For winter break my family planned a vacation to Patagonia. A must visit for adventurers and photographers around the world. Seeing as I like to think of myself as both an adventurer and a photographer, I couldn’t have been more excited about my family’s vacation destination. We spent three days in Santiago, and eight days in Chilean Patagonia hiking portions of the “W.” After returning home my friends have asked me countless times what the best part was, or “How was your trip?” There is no way to describe Patagonia. You simply have to go yourself. It’s impossible to convey the vastness of the landscape through words or pictures, but I’ll try my best below.
Unfortunately, the best weather we had on the trip was while driving into the national park on our first day, and driving out on our last day. This made photographing a little difficult, especially when hail and sleet was pelting me in the back at 40 miles an hour. But I did my best to capture the beauty that Patagonia holds (GoPro’s can help with the extreme weather conditions).
Near a Penguin sanctuary on our first day in Patagonia.
A lone Gaucho presides over his flock of sheep. The lambs are extremely tasty if cooked just right…
Torres del Paine.
After arriving in Chile I realized that I would be in Patagonia during the southern hemisphere’s Summer Solstice, the longest day of the year. Being nearly as far south as you can go without traveling to Antarctica meant that the longest day of the year was VERY long. I decided that I wanted to try and capture the sunrise and sunset of the longest day of the year. I woke up at 4 a.m. to take this picture, and the picture below was captured around 10:30 p.m.

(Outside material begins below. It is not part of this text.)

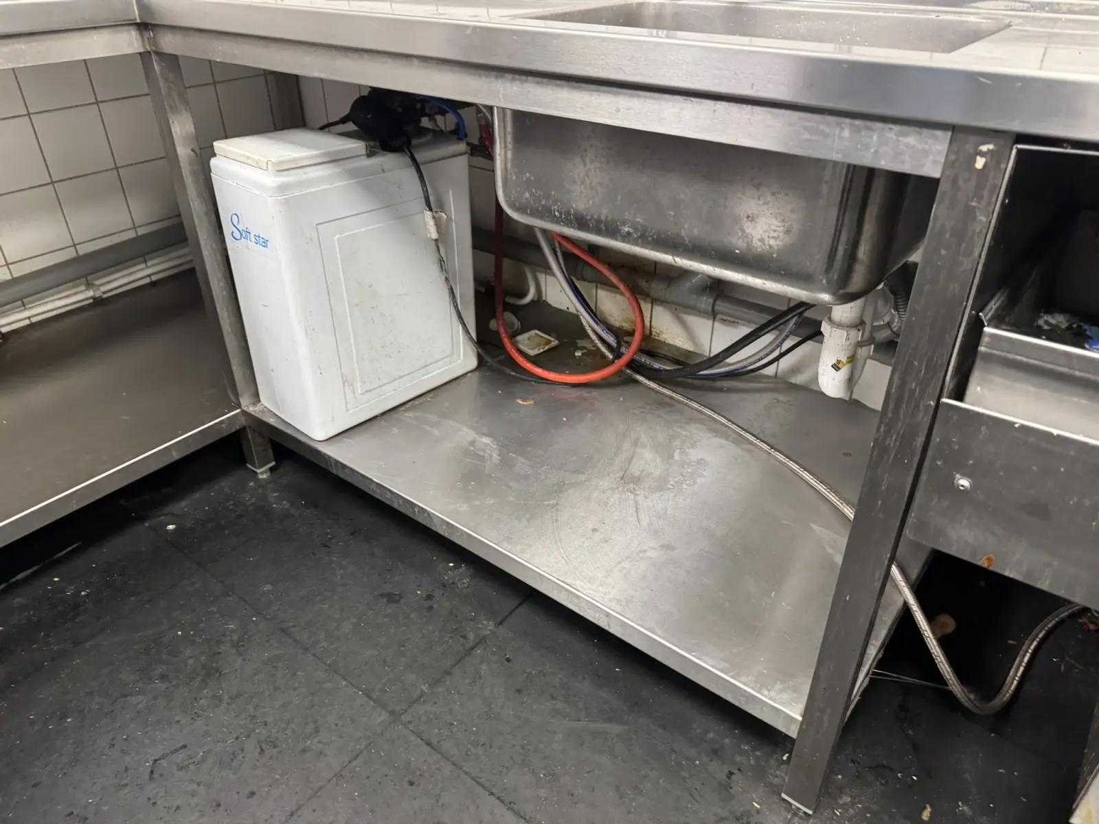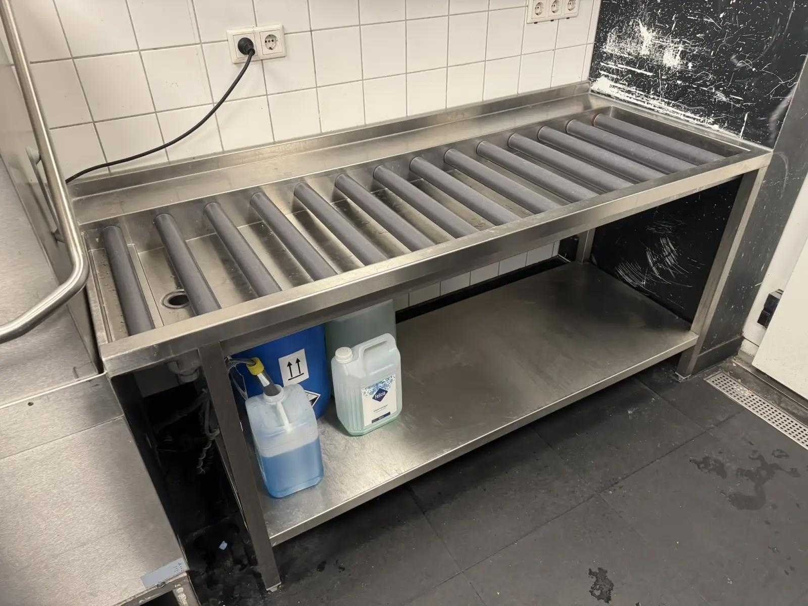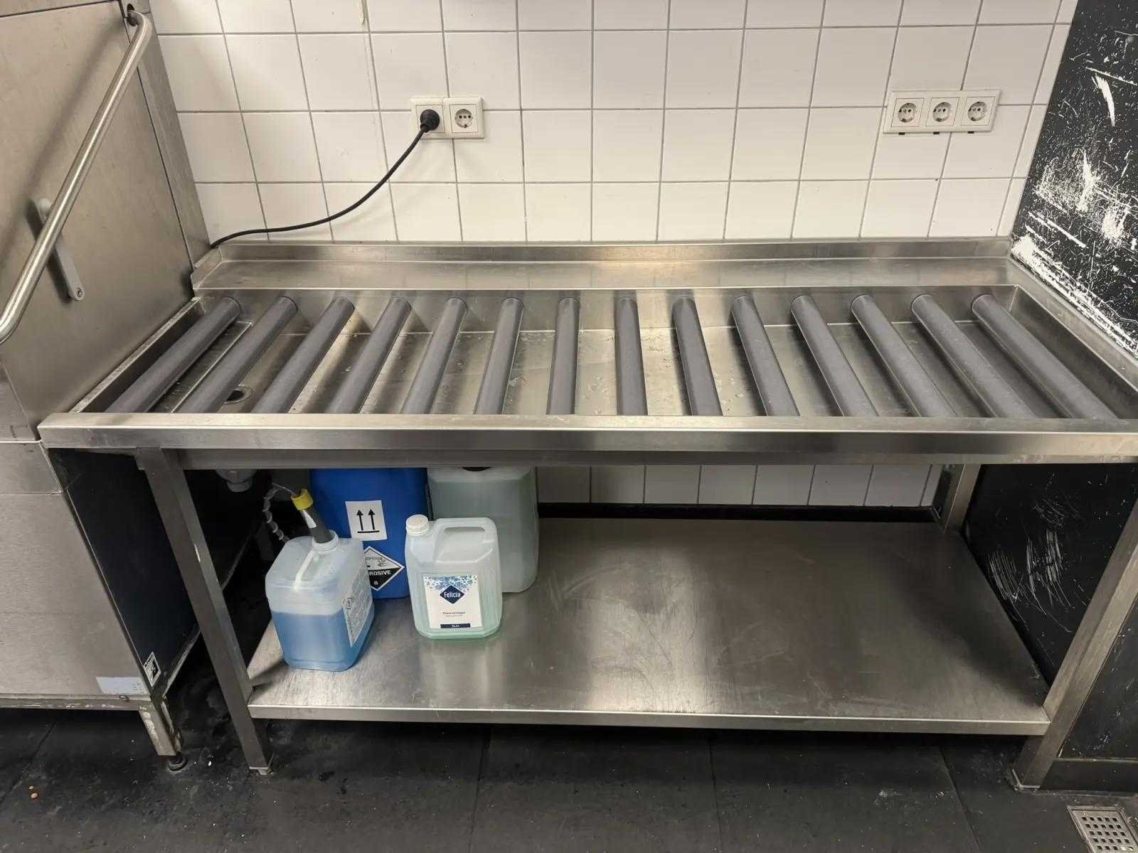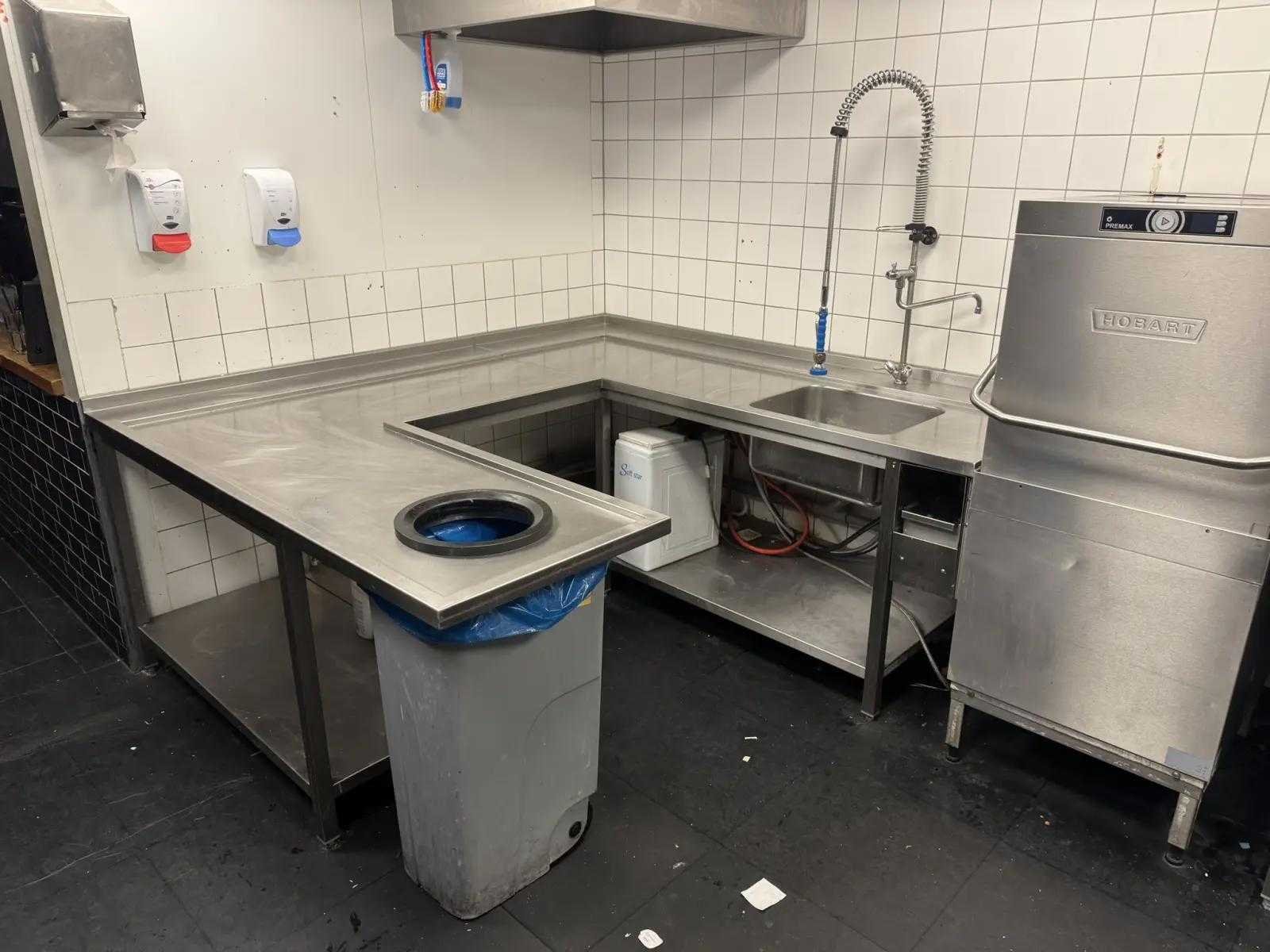 V.v. spoeltafel met voorspoeldouche en afvalstort, rollenbaan korvenafvoertafel, Lubron Softstar waterontharder, en dampkap. Reeds professioneel gedemonteerd en zorgvuldig getransporteerd naar de afhaallocatie. LET OP! Voor bovenstaande kunnen additionele kosten van toepassing zijn. Merk: Hobart Type: Premax

Hiking on Grey Glacier, which extends 25 kilometers further north (left, in the picture). Hiking around and exploring caves, crevasses and a massive field of ice is a great way to make you feel small, especially when vast mountain ranges are the backdrop.
On one of the last nights that I spent in Patagonia my sister, our guide and I were drinking wine and playing card and dice games until the sun set (which is a reasonably late time, especially if you have to wake up early the next morning to hike eight miles). A while after it got dark we decided to walk to the lake pictured above, and drink some whiskey out of a Nalgene along the way. But warm whiskey isn’t very good – especially when drinking it from a Nalgene. Another guide that we had been passing the time with, Jorge, had an idea about how we could cool down our whiskey. Icebergs. Because glaciers are constantly growing and shrinking with the seasons (and climate change), quite a few chunks break off and float across the lake. The smaller ones that have less mass below the water can get quite close to shore, making it possible to “harvest” them. Jorge donned his waders and ice axe and went to war with the nearest iceberg. He struggled about 30 feet out into the lake and started hacking at the ice until a chunk the size of a car tire fell off. He then dragged it ashore and broke it into smaller chunks that could fit in the Nalgene. Even bad whiskey in a plastic bottle can be made delicious if you add some glacial ice cubes to it.
During the summer constant winds of up to 50 miles an hour are not uncommon in Patagonia. This lends itself to some amazing cloud formations.
It’s impossible to understand how vast and beautiful Patagonia is without visiting it yourself.